Monica Beltran – “Monica Beltran,” Virginia Changemakers, accessed December 14, 2023, https://edu.lva.virginia.gov/changemakers/items/show/152.

William E. Bailey – “William E. Bailey,” Virginia Changemakers, accessed December 14, 2023, https://edu.lva.virginia.gov/changemakers/items/show/248.

Clara Leach Adams-Ender – “Clara Leach Adams-Ender,” Virginia Changemakers, accessed December 14, 2023, https://edu.lva.virginia.gov/changemakers/items/show/107.

Florence Farley – “Florence Farley,” Virginia Changemakers, accessed December 14, 2023, https://edu.lva.virginia.gov/changemakers/items/show/27.
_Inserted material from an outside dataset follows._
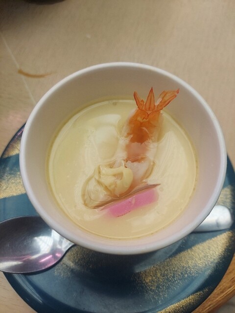 北寄貝、青柳、ボタン海老2皿、北寄紐、鰯、づけ鮪、鯵、手巻きサバシソ、ビントロ、野菜汁、茶碗蒸し。1,740円

William Harvey Carney – “William Harvey Carney,” Virginia Changemakers, accessed December 14, 2023, https://edu.lva.virginia.gov/changemakers/items/show/249

Depending on the age level you may want to set up specific questions for everyone to use or allow students to choose those topics that interest them the most.
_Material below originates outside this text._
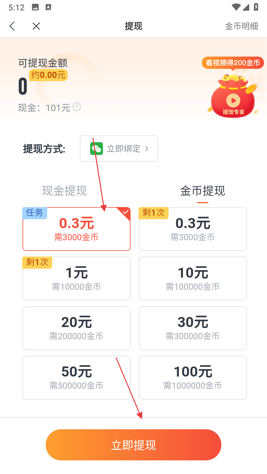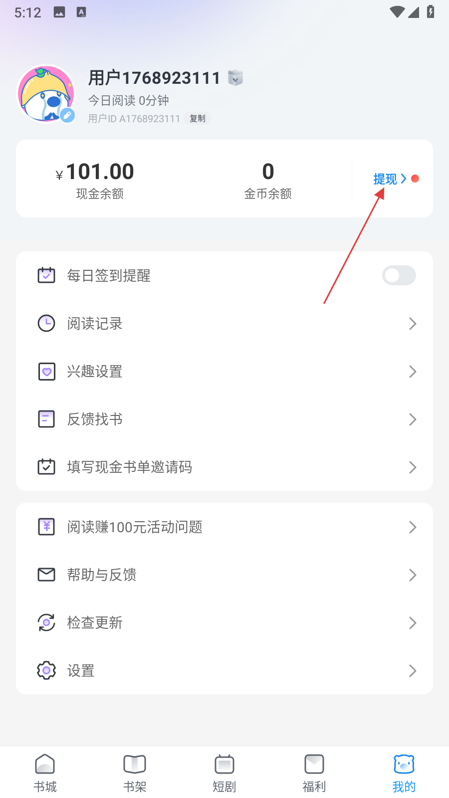2、在个人页面中,找到提现选项并点击,进入提现页面。

What was it like to serve in the military?

Students will compile questions, practice interviewing skills and finally conduct their own interview with a veteran of the military.

  • Interview – a of people face to face
  • Question – a sentence worded or expressed so as to elicit information
  • Gracious – courteous, kind, and pleasant
  1. Students will use as an example the list of questions provided on the Library of Congress website: https://www.loc.gov/programs/veterans-history-project/how-to-participate/sample-interview-questions/
  2. After looking at and discussing with students, determine the top 10 questions that they feel would best be used in order to interview a veteran.  (Depending upon grade level the depth of questions will vary)
  3. Students can choose to put these questions on index card and/or in a google doc for easy access when they interview their veteran
  4. Students can choose to seek out their own veteran (family member, neighbor, family friend) OR if unable to find one on their own the teacher will provide individuals that will come to school to be interviewed by students.
  5. Students will be given the choice to showcase their information obtained by the veteran in one of three ways (Google Slide, Tri-Fold board, or typed report).

If students do not have any relatives and/or acquaintances that are veterans the teacher may have to provide individuals for the students to interview.

How has being a part of the military changed your life?

Students will conduct their one-on-one interview with a Veteran and display their information for the museum walk

  • Interview – a of people face to face
  • Question – a sentence worded or expressed so as to elicit information
  • Gracious – courteous, kind, and pleasant
  1. Students will conduct their interview with their assigned or chosen individual making sure to ask and record the answers from the interview
  2. Students will then take this information and create one of the following items 
    • Google Slide with at least 6 slides with pictures on each slide
    • A tri-fold board that allows all of the information to be shown
    • A typed 2 page report, double spaced, no larger than a font size of (12)
  3. Students will be placed throughout the halls and will be ready to share information to the “guests” about their experience and what they learned overall    
  4.  After the museum students will come back together to share some of their insights that were gained during this experience and provide their rose/thorn of the entire involvement of the unit study.